Почтенные граждане переглянулись.
– Кто такой Леонт? – робко поинтересовался Мосхион. – Я ничего не слышал об этом человеке.
– Леонт – враг Афин! – отрубил Критий. – Что вы еще хотели бы узнать? – спросил недовольно, всем видом понуждая к молчанию.
Шевельнулся высокий, осанистый:
– Ответь, почтенный Критий…
Глава Тридцати глядел настороженно, исподлобья.
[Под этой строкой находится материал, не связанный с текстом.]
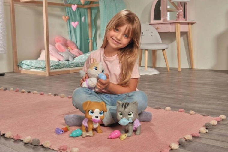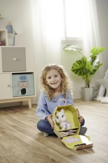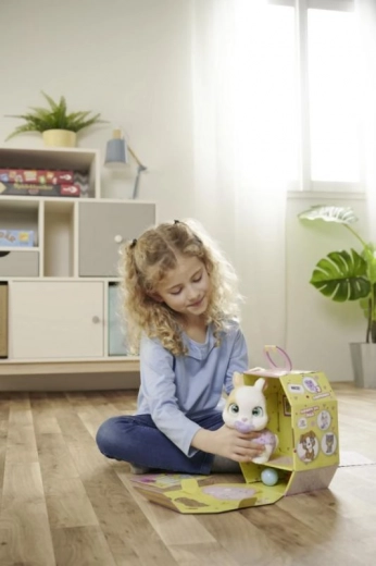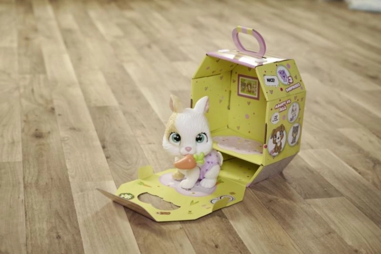 Zečića lako možete ponijeti kamo god krenete zahvaljujući kartonskom pakiranju s ručkom koje služi kao prijenosna kućica. Unutra vas čekaju i papirnate vrećice s iznenađenjem – tematski dodaci za još više scenarija igre. Magična šapica otkriva spol ljubimca i pomaže djeci stvoriti osobnu povezanost s njim.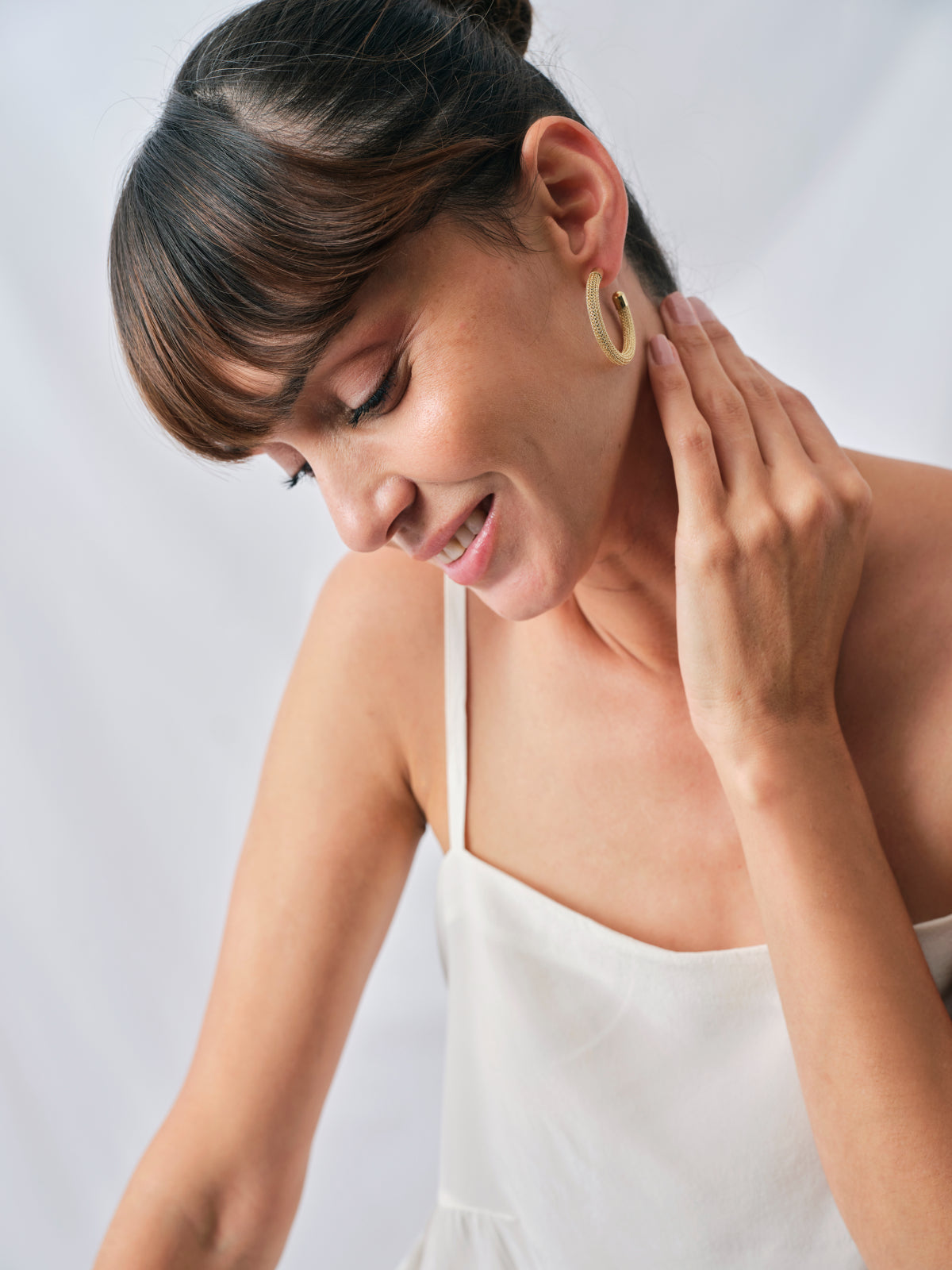 Made in Northern Italy, these large Lurex® mesh hoop earrings on a bangle are enhanced with sterling silver or gold-plated sterling silver finishes. Made in Italy.

– …кто будет старшим среди нас?
Окаменевшее лицо Крития ожило.
– Хорошо. Это вопрос не праздной женщины, а мужа. Я понимаю тебя, Поликлет. И малому стаду нужен свой пастух. Так кто же будет старшим среди вас? – Критий глумливо прищурился.
Люди молчали.
Высокий, осанистый выпятил грудь.
– Эратосфен! – вдруг крикнул Критий, отворачиваясь.
Сократ невесело усмехнулся: похоже, странная игра продолжалась.
На зыбкий факельный свет выбрался… пес-волчатник. Он шумно дышал, натягивал повод, убирал и вновь выпускал мокрый язык. Покосившись на людей мигающим, с красноватой окалиной глазом, пес, вынюхивая следы, уверенно направился к главе Тридцати. Веревка тянулась за ним и, казалось, не мешала идти.
– Сюда, Друг!
Пес встал передними лапами на детскую скамеечку, повел чутким носом – повод остерегающе натянулся. Критий метнул глаза в темноту, и повод послушно ослаб. Не переставая улыбаться и что-то разнеженно бормоча, коротконогий человек начал гладить собаку возле ушей. Серый Друг терся о шерстяную хламиду, тонко поскуливая и наконец, в знак особого расположения, лизнул Крития в лицо – тот невольно отстранился, вытирая щеку, увидел перед собой людей и сразу помрачнел.
– Старшим будет Эратосфен! – сказал Критий, осторожно отталкивая пса.
Люди провели глазами по веревке и увидели налево, на косом обрезе света, высокие шнурованные башмаки. Самого Эратосфена не было видно.
– Подождите Эратосфена у выхода, – продолжал Критий; без видимого удовольствия вновь лаская собаку, – казалось, ему было неприятно, что он обнаружил при посторонних свою привязанность. – Мне нужно сказать ему несколько слов. Доброго пути и свежей воды, друзья! – Глава Тридцати, скупо улыбаясь, поднял руку.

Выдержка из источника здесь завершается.